*Exercise objective:*
Using the listing below, set down exactly the lines from the one that contains "- 전 세계 모든 호텔 할인과 경품 혜택을 동시에" through the one that contains "Vipp elkedlen er", with no pictures.

*Study material:*
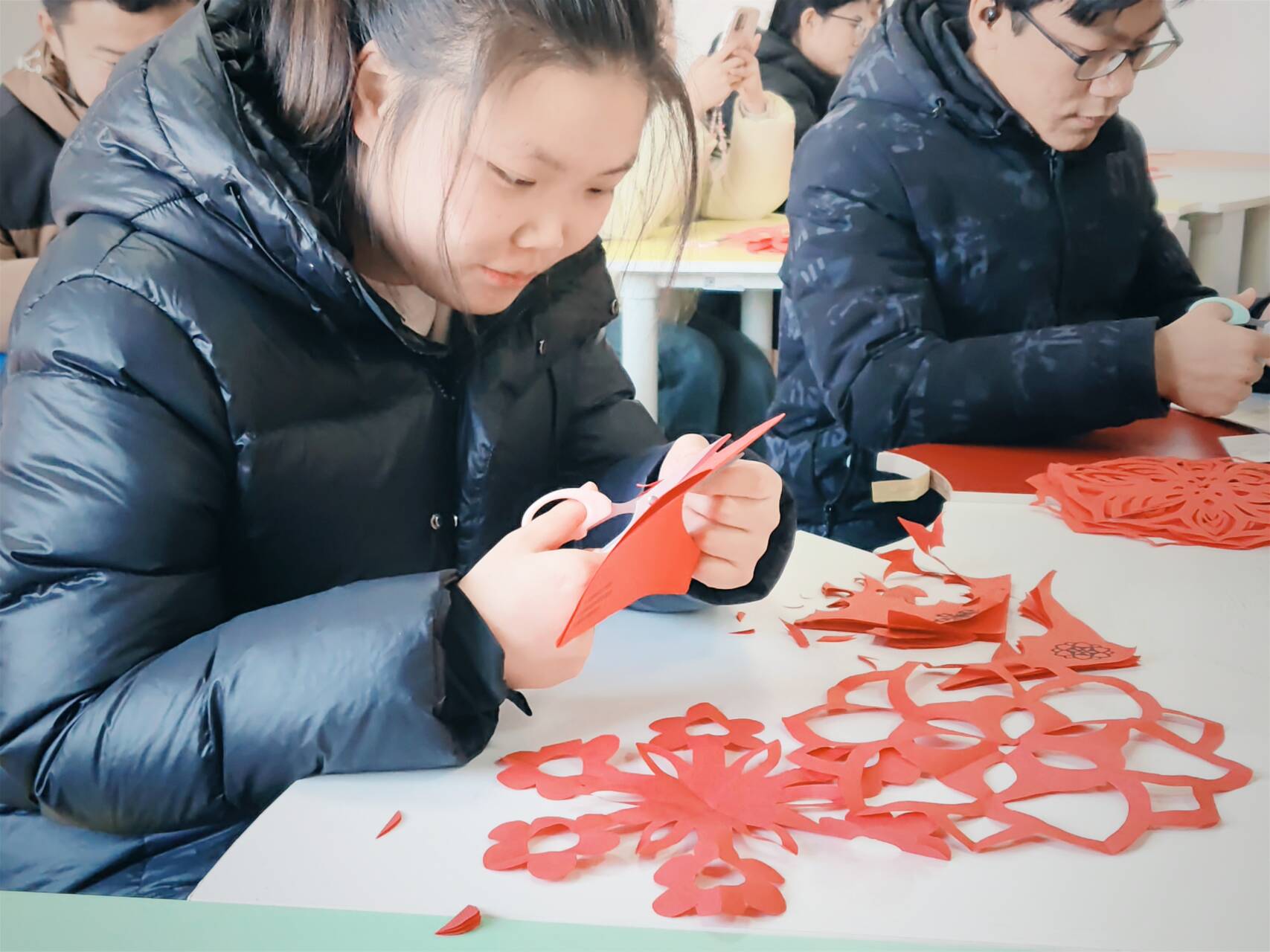 “专注剪纸让内心平静下来,完成作品特别有成就感。”一位参与者分享道。协会负责人表示,此类活动旨在为同学们提供一个通过动手创作来舒缓压力、表达自我的非言语渠道,剪纸过程中的“专注当下”本身就是一种积极的心理调节。
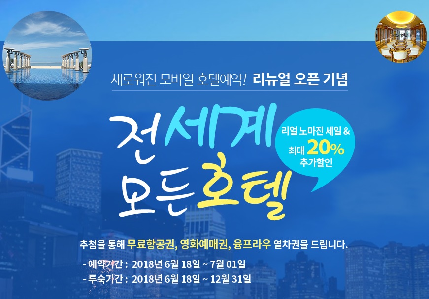 - 전 세계 모든 호텔 할인과 경품 혜택을 동시에
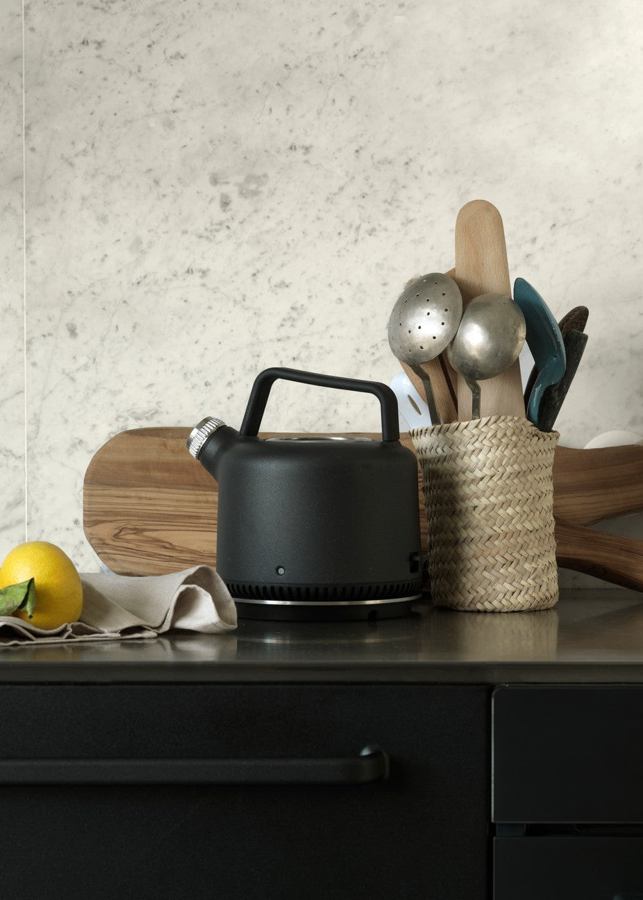 Vipp elkedlen er et essentielt redskab til køkkenet. Med en solid pulverlakeret overflade, skridsikre gummidetaljer og et udtageligt filter og tud, er den elektriske elkedel en funktionel tilføjelse til ethvert køkken. Materiale: Rustfrit stål, pulverlakeret rustfrit stål, silikone, stofbeklædt ledning. Mål: Højde: 21 cm Diameter: 17,5 cm Kapacitet: 1 liter. Watt: 1500 W. Vægt: 2 kg. inkl. base. Model: 50104EU.
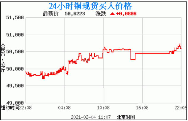 今日最新铜价:50.6223 涨跌:0.0806
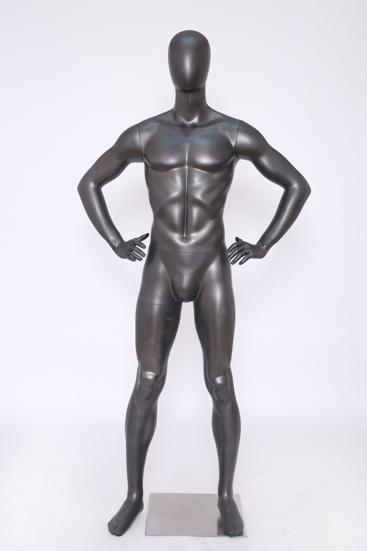 A stylish and elegant full-body male mannequin crafted from fiberglass with a matte black finish. Perfect for displaying men's formalwear, coats, jackets, trousers, and accessories, including hats, footwear, and bags. This is a universal model of a standard size with proportionate and well-defined masculine features that highlight the aesthetics of the male form. The stable base ensures it stands securely on any display floor or showcase. The manufacturing material is high-quality fiberglass, which guarantees a lightweight yet durable construction for long-lasting use. Its purpose is for sophisticated visual merchandising, creating compelling presentations in retail environments, and professional photography.

*Task output:*
 - 전 세계 모든 호텔 할인과 경품 혜택을 동시에
 Vipp elkedlen er et essentielt redskab til køkkenet. Med en solid pulverlakeret overflade, skridsikre gummidetaljer og et udtageligt filter og tud, er den elektriske elkedel en funktionel tilføjelse til ethvert køkken. Materiale: Rustfrit stål, pulverlakeret rustfrit stål, silikone, stofbeklædt ledning. Mål: Højde: 21 cm Diameter: 17,5 cm Kapacitet: 1 liter. Watt: 1500 W. Vægt: 2 kg. inkl. base. Model: 50104EU.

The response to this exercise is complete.